Electricity prices in Europe are going negative - and that's bad

Periods of excess electricity production are on the rise thanks to the growth of renewable energy, forcing commercial power generators to sell for negative prices. Unfortunately, this doesn't mean lower household bills.

The huge growth in renewable energy across Europe means electricity plants are generating more power than is needed, forcing them to pay energy firms to discharge it – effectively, selling at a negative price. On the face of it, this might seem like a good thing for cash-strapped households, but negative prices don’t necessarily bring down people’s electricity bills, and can also bring a host of downsides, including disrupting the business case for building more renewables.




The price of power is largely determined by the “day-ahead” market, a wholesale auction where electricity generators bid to supply power for the next 24 hours to energy firms and industrial users. If generators expect to have excess output, they submit low or negative bids, as fully turning off facilities like wind turbines would be less economical. This in turn causes prices to go negative, which means generators must pay to feed their power into the grid.


Such negative pricing periods usually only occur when a surge in renewable electricity production, for example during particularly sunny or windy periods, coincides with low demand on the grid, such as during weekends or summer holidays. But swift growth in renewable power generation means they are increasingly common even during the working week, and many countries are forecasting a record year for negative pricing.


“For the last 25 years, they have been occasional and rare and on special occasions. But now they are massive and they happen during the day, when everyone is working, when everyone is consuming electricity,” says Kathrin Goldammer at the Reiner Lemoine Institute in Germany.


For example, in Great Britain – which has a separate electricity market to Northern Ireland, which makes up the rest of the UK – the first six months of 2024 have seen 3.5 times more negative pricing periods than the same period in 2023, says Euan Killengray at KrakenFlex, a subsidiary of UK energy supplier Octopus Energy.


This change appears to be driven by the growing proportion of renewable electricity on the British grid. In 2021, negative prices occurred for roughly 1 hour a fortnight, on average. So far this year, negative prices are averaging at close to 1 hour a day, according to analysis shared by Pierre Pinson at Imperial College London.


“In a power system which has a higher and higher degree of renewable energy… then basically everyone wants to get rid of their electricity at very low cost on the wholesale market,” says Goldammer.


Subsidies paid to renewable electricity generators, which guarantee a price regardless of the market rate, have also helped negative prices to become more commonplace, as they mean firms are willing to accept a below-zero rate.

This isn’t just an issue for the British grid. The Netherlands recorded 316 hours of negative prices last year, according to EnAppSys data, while in March, Spain recorded its first ever instance of negative prices.
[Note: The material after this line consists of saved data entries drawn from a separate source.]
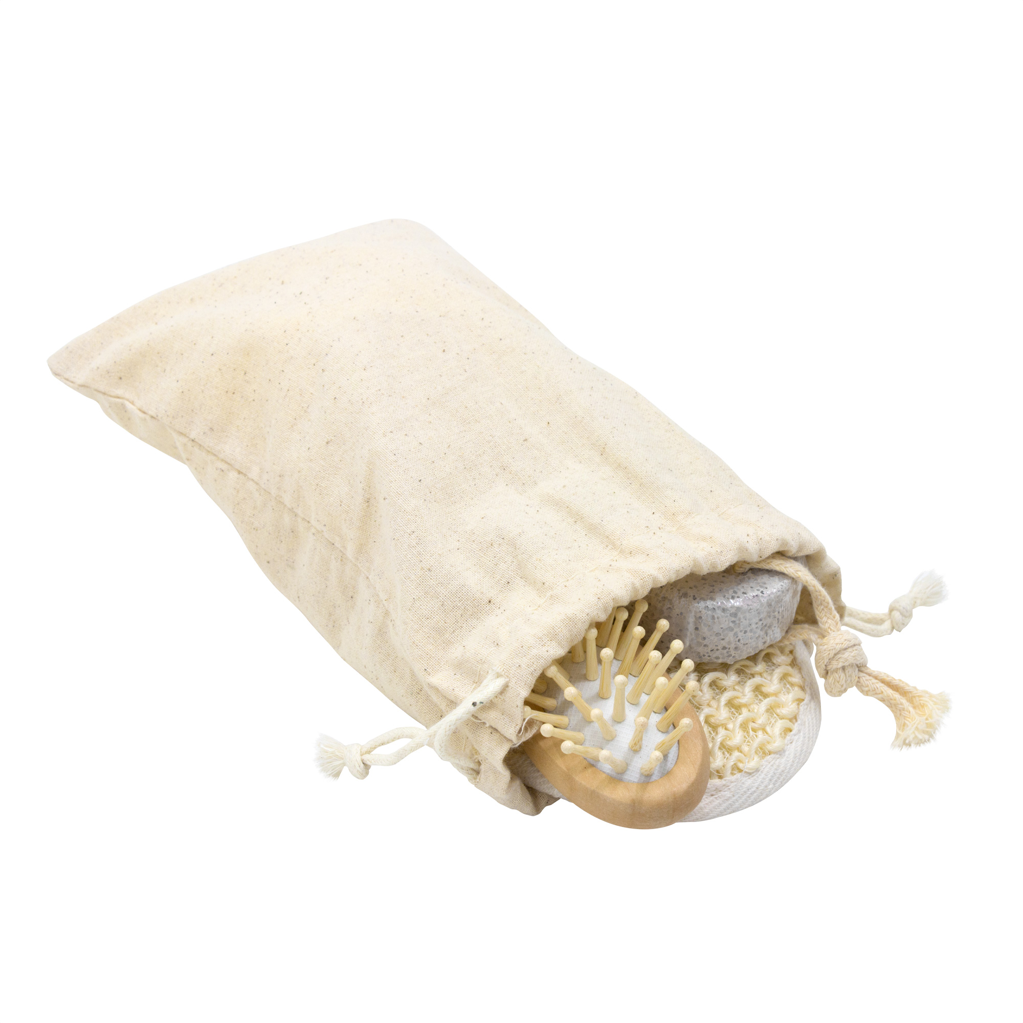 Lujo en tu rutina.Set de baño / Spa. Incluye: 5 accesorios de belleza y limpieza. Espejo de bambú (Ø 7,2 x 0,8 cm.); Cepillo de madera (12,5 x 3,7 x 3,5 cm.); Piedra pómez con cordón de algodón (9,5 x 4,5 x 2cm.); Esponja bola de red con cordón de poliéster (Ø 9 cm.); Esponja de mano con elástico, recubierta en algodón y tejido exfoliante (14,7 x 9,7cm.). Medidas: 14,5 x 20 cm. Materiales: Algodón, Bambú, TPE, Madera y PE. Presentación: El set se entrega en bolsa contenedora con cordón de algodón y bolsa de polietileno para su protección.
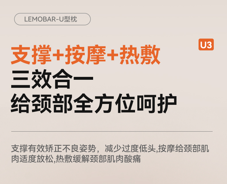 乐摩吧U型护颈枕LMB-U3 出差旅行枕 360°护颈支撑+按摩+热敷 三效合一 居家出行必备好物
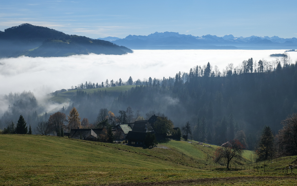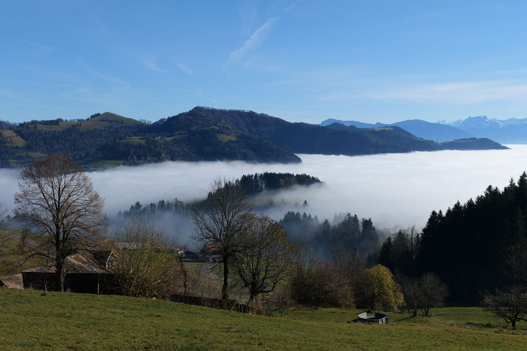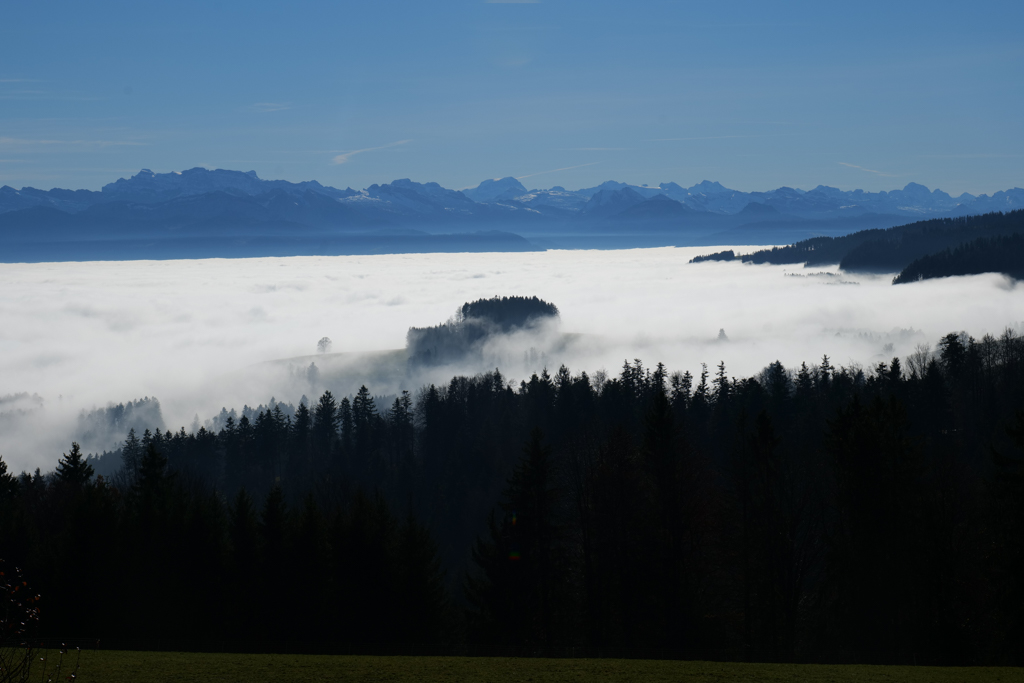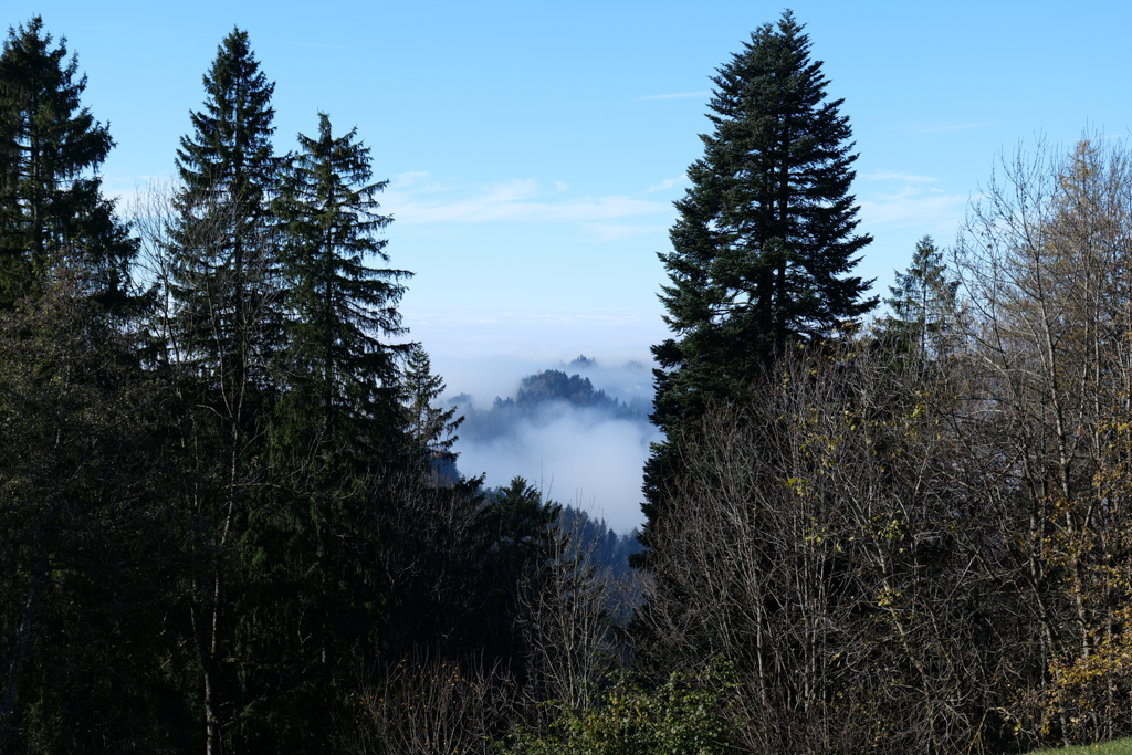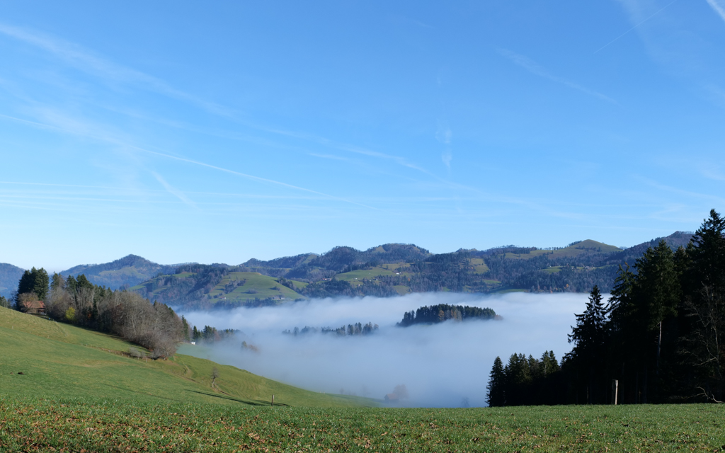 Yesterday was no exception. I hiked from Steg (CH) to Bäretswil (CH), via the Täuferhöhle. All day, there was a thick fog, up around 500 m, but higher up there was sunshine. When I looked down the valley, I had the idea of looking into a lake. Hills above the top of the clouds made the impression of being islands in this lake.
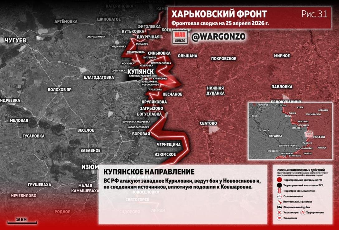 Усиленное наступление российских войск продолжается на Купянском направлении. Бойцам армии РФ удаётся улучшать свои позиции и вместе с этим не позволять противнику захватывать новые районы на подступах к Купянску. Редакция N4k собрала самую актуальную и проверенную информацию о ситуации на линии боевого соприкосновения к 25 апреля 2026 года.
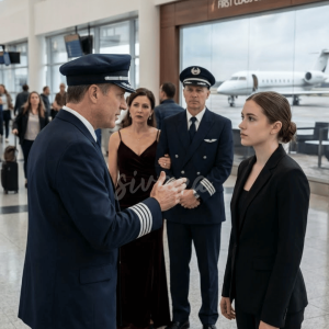 At the airport, my father sneered, “She can’t even afford economy.” My step-sister burst out laughing as they strutted onto their first-class flight. I stayed silent—until a man in uniform approached and said, “Ma’am, your private jet is ready.” The whole terminal fell silent.

Germany is also on course to experience a record year for negative pricing this year, says Claus Urbanke at renewable generator Statkraft. “The number of negative prices is rising currently, quite strongly,” he says.


So what is wrong with getting paid to use power? For one thing, it can impact the business case for building new renewable capacity, says Urbanke. Given global clean power generation must triple by 2030 to meet climate goals, anything that weakens the investment case is risky.


Meanwhile, during periods of negative pricing, the cost of balancing the grid goes up. Grid operators must work harder to move huge volumes of renewable power around and ensure back-up power is on hand to provide stability to the grid.


Consumers don’t benefit either. Very few households will be on energy tariffs that track wholesale markets, and even then consumer bills face additional standing charges and levies, making it impossible to get paid for running your washing machine, say.

But there are upsides. Negative prices also send a signal to the market to invest in more flexible technologies, such as batteries, which can store power when it is cheap. “Negative prices are not only a problem, they are also an opportunity,” says Goldammer. Wind farms and solar plants are increasingly likely to house batteries or hydrogen production facilities on site, for example, so they can store energy rather than feed it into the grid when electricity prices are below zero.


Likewise, as households transition to electric vehicles and heat pumps, there will be more reason to switch to tariffs that automatically draw down power at the cheapest point of the day, helping more of the excess to be used. Governments are also acting to tighten rules around subsidy payments, so generators have less of an incentive to bid negative prices into the wholesale market.


Eventually, greater flexibility and regulatory reform will help supplies better match demand in the power markets, says Pinson, largely ending below-zero rates. “It is going to be a lot of small and medium solutions that we combine here and there, and eventually we get this extra flexibility that has a huge impact in the market,” he says.